Tuesday, April 6, 2010

Timothy Liu Poems

I think that it is valuable reading literature from both the gay and heterosexual perspective, because despite ones sexual preference, both can relate to similar experiences, like love, guilt, pain, etc.

I feel that all three poems speak of a secret love. The first, about the leaves, tells of being able to enjoy a secret and longed for experience, which I assume is being able to love his partner unrestrained by societies judging gaze. The experience is made metaphor by the raking of fall leaves, discovering something beautiful in the middle of a mundane chore. Later, away from work and everyone else, that love is quietly rekindled in a boat on the waters. I think this poem speaks to everyone who has had a first love, or enjoyed a secret love, despite their sexuality.

The Other poems speak of the pain of secret love, of the fear of judgment, and the guilt of conscience.
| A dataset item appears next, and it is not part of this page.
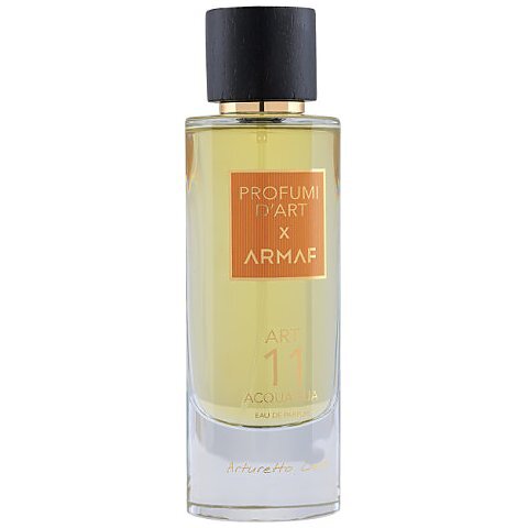 Armaf Art 11 Acqua Tua otwiera się złożonym połączeniem morskich nut, które wprowadzają świeżość i energię, z różowym pieprzem, dodającym pikantności oraz grejpfrutem, który wnosi soczystą, cytrusową nutę. Szałwia muszkatołowa, bergamotka i kadzidło tworzą harmonijną, aromatyczną całość, podczas gdy szafran, pieprz, imbir, lima, timur i mandarynka dodają głębi i złożoności, tworząc wyjątkowy, zmysłowy wstęp. W sercu zapachu jaśmin i kocanka łączą się w elegancką, kwiatową kompozycję, dodając słodyczy i delikatności. Baza emanuje ciepłem i bogactwem, gdzie drewno sandałowe łączy się z intensywnym agarowym oudem, a żywica wprowadza balsamiczne tony. Piżmo i mech dodają zmysłowości i trwałości, tworząc wyjątkowy, głęboki aromat, który pozostaje na skórze przez długi czas.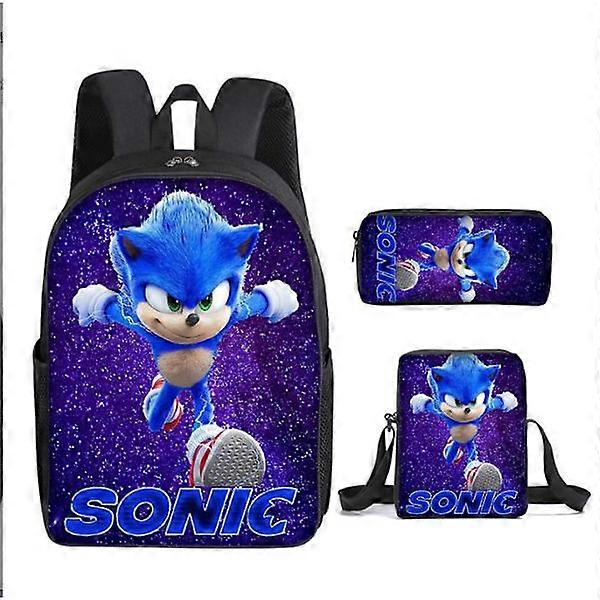 SONIC backpack Sonic elementary school backpack 3-piece anime cartoon backpack shoulder bag pencil bag Style 1 three-piece

All of us are imperfect and have felt the pangs of harboring some secret, or feeling that we are on the outside looking in, or perhaps something that we love is condemned by the surrounding majority.
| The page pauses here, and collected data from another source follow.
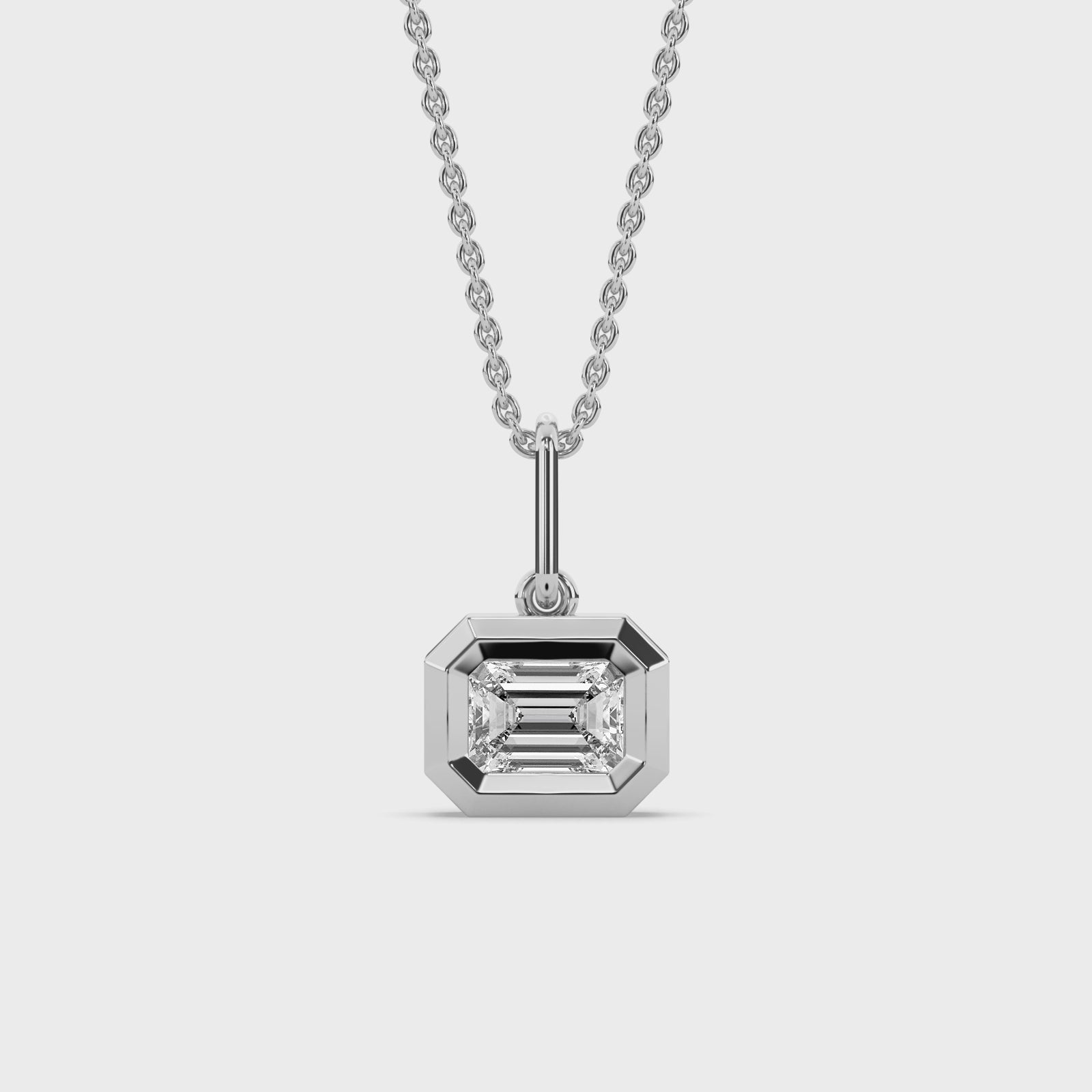Defined by clean lines and the quiet depth of an emerald cut, this bezel charm balances modern geometry with enduring sentiment. It serves as a personal anchor, catching the light with a calm, deliberate clarity that feels both architectural and intimate.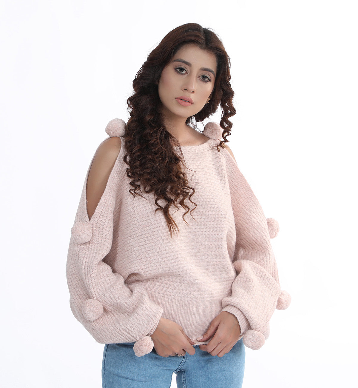 Boat neck sweater in blended knit, featuring pom pom detailing on shoulder and sleeves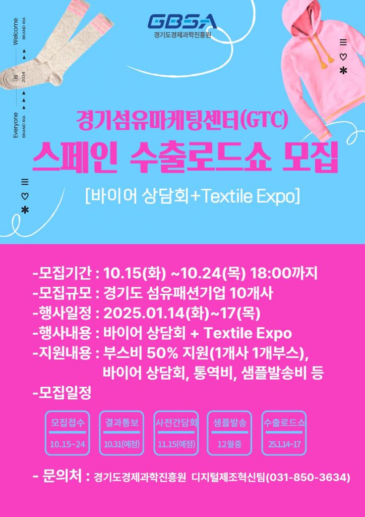 경기도경제과학진흥원이 내년 1월 14~17일 개최되는 ‘2025 스페인 Textile Expo Barcelona’에 참가할 기업을 모집한다.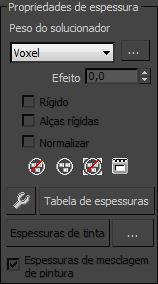 - Mostra a caixa de diálogo Ferramenta Espessura, que oferece ferramentas de controle para ajudar você a atribuir e mesclar espessuras em vértices selecionados.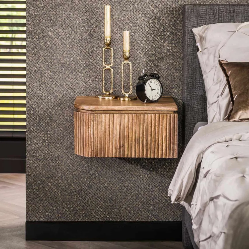 Dit hangende nachtkastje Elida bestaande uit een set van 2 is gemaakt van duurzaam mango hout en heeft een eigentijds design met een golfontwerp. De set bestaat uit een linker en een rechter kant. Het wordt bevestigd aan de muur met een strip met drie schroefgaten, waardoor het zweeft en ruimte bespaart. Zie hiervoor de foto.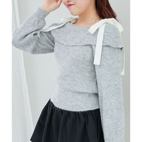襟部分にビジューをたっぷりと装飾し、華やかな印象に仕上げたフェミニンニット。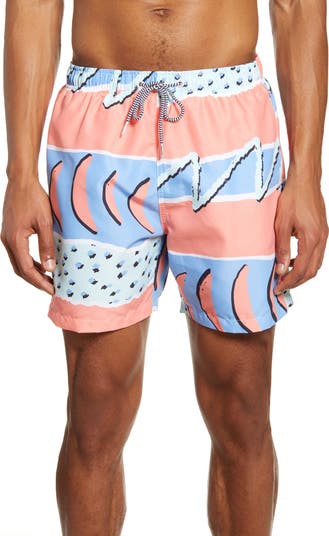 These '90s-print, quick-dry swim trunks are for chilling out, maxing and relaxing all cool by the pool or in the sand.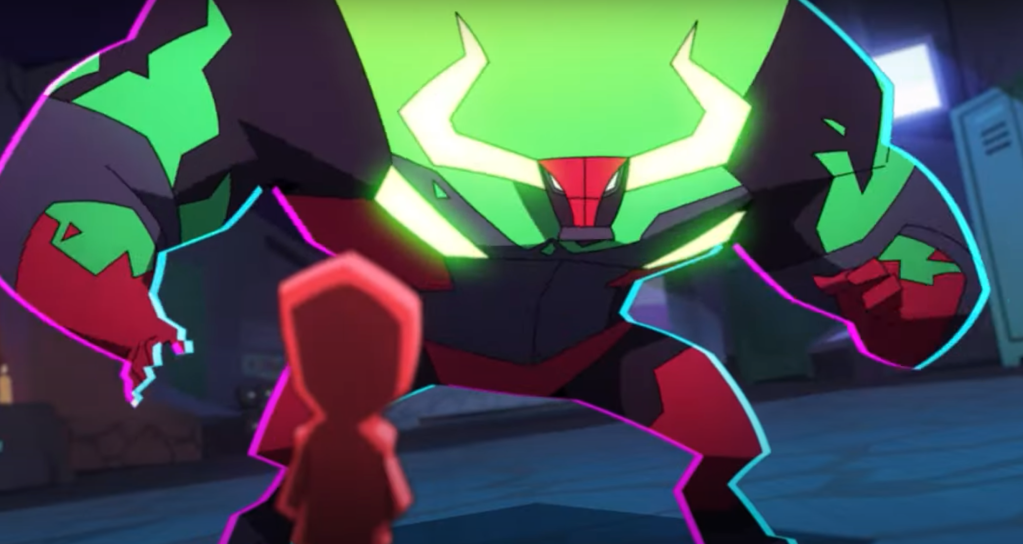 Tiene la apariencia de un toro humanonide gigante, de máscara roja, con ojos verdes, cuernos y una llamarada roja saliendo de su cabellera.

I also think that for those of us who are heterosexual, reading this kind of poetry can help us appreciate what it feels like to feel forbidden love more poignantly, just as we can read other literature to try and gain some perspective on the feelings of any marginalized group of people.

1 comment:

  1. I read these poems through the first time with the understanding that the author was gay. As I read specific lines I was a little disturbed and uncomfortable. But the next time through I read the poem without thinking about the gay author. I read what he was writing and felt many of the things that Dusty explains above. I do see where gay theory would help to more specifically understand this poem. But as for me as heterosexual, I appreciated the poem for what it spoke to me.